In clean clothes he felt a new, if hollow, man. He didn’t want to touch what he had been wearing, but finally bundled the befouled outfit so the filthiest parts were toward the middle. He brought everything out to Rivka.

She nodded. “I’ll take care of them soon.” Living in the ghetto had made stenches just part of life, not something that had to be swept away on the instant. At the moment, questions were more urgent: “What will you do if the Lizards insist that you speak for them after you’re better?”

“I’ll get sick again,” be answered, though his guts twisted at the prospect. “With luck, though, I won’t have to.” He told her what Anielewicz had planned for the transmitter.

“Even if that works, it only puts off the evil day,” Rivka said. “Sooner or later, Moishe, either you will have to do what the Lizards want or else you will have to tell them no.”

“I know.” Moishe grimaced. “Maybe we never should have thrown our lot in with them in the first place. Maybe even the Nazis were a better bargain than this.”

Rivka vigorously shook her head. “You know better. When you are dead, you can’t bargain. And even if we have to disobey the Lizards, I think they will kill only the ones who disobey, and only because they disobey, rather than making a sport of it or killing us simply because we are Jews.”

“I think you are right.” The admission failed to reassure Russie. He, after all, would be one of those who disobeyed, and he wanted to live. But to praise the Lizards for using one of their great bombs on Washington… better to die with self-respect intact.

“Let me make you some soup.” Rivka eyed him as if gauging his strength. “Will you be able to hold it down?”

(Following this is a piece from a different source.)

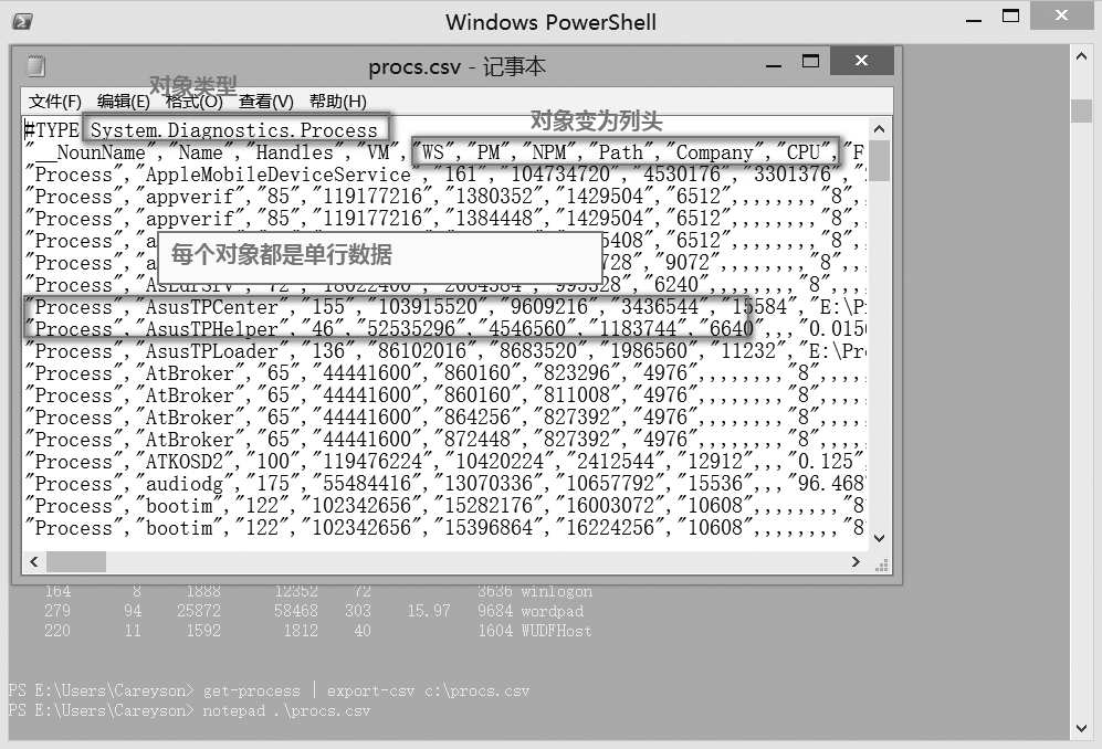 类似于用管道把“Dir”连接到“More”,我们已经把进程信息传输到“Export-CSV”中。第二个Cmdlet有一个强制的位置参数,用于指定输出文件名。因为“Export-CSV”是一个内置的PowerShell Cmdlet,它知道如何把通过“Get-Process”产生的常规表格转换到一个普通的CSV文件中。

“I think so,” he said after making his own internal assessments. He let out a dry chuckle. “I ought to try, anyhow, so I have something in my stomach in case I, ah, have to start throwing up again. What I just went through was bad enough, but the dry heaves are worse.”

The soup was thick with cabbage and potatoes, not the watery stuff of the days when the Germans starved the ghetto Jews and every morsel had to be stretched to the utmost. Though no one who had not known those dreadful days would have thought much of it, its warmth helped ease the knots in Russie’s midsection.

He had just finished the last spoonful when somebody came pounding down the hall at a dead run. A fist slammed against his front door. The somebody shouted, “Reb Moishe, Reb Moishe, come quick, Reb Moishe!”

Russie started to get up. His wife took him by the shoulders and forced him back into his chair. “You’re sick, remember?” she hissed. She went to the door herself, opened it. “What’s wrong? My husband is ill. He cannot go anywhere.”

“But he has to!” the man in the hallway exclaimed, as if he were a two-year-old convinced his word was law.

“He cannot,” Rivka repeated. She stepped aside to let the fellow get a look at Moishe, adding, “See for yourself if you don’t believe me,” which told Russie he had to look as bad as he felt.

“I’m sorry, Reb Moishe,” the man said, “but we really do need you. Some of our fighters are facing off with some Armja Krajowa louts up on Mickiewicza Street, and it’s getting ugly. They’re liable to start shooting at each other any minute now.”

Russie groaned. Of all the times for hotheaded Jews and prejudiced Poles to start butting heads, this was the worst Rivka was too far away to make him keep sitting down. He rose, ignoring her look of consternation. But before he could do anything more, the man in the hallway said, “The Lizards are already bringing heavy equipment up there. They’ll slaughter everyone if a fight breaks out.”

With another groan, Russie clutched his belly and sank back down. Rivka’s alarmed expression turned to real concern. But she rallied quickly. “Please go now,” she told the man. “My husband would come if he possibly could; you know that. But he really is ill.”

“Yes, I see he is. I’m sorry. God grant you health soon, Reb Moishe.” The fellow departed at the same breakneck pace at which he’d arrived.

Rivka shut the door, then turned on Russie. “Are you all right?” she demanded, hands on hips. “You were going out there, I know you were. Then all, of a sudden-”

He knew a moment’s pride that his acting had been good enough to give her doubts. He said, “If the Lizards are already there, I can’t let them see me, or they’ll know I’m not as sick as I let on.”

Her eyes widened. “Yes, that makes sense. You-”

“I’m not done,” he interrupted. “The other thing is, I don’t think our men are tangling with the Armja Krajowa Poles by accident. Think where the quarrel is-at the opposite end of Warsaw from the Lizard headquarters. I think they’re trying to draw troops-and maybe Zolraag’s attention, too-away from the studio and the transmitter. Mordechai said tomorrow night, but he works fast. Unless I miss my guess, this is a put-up fight.”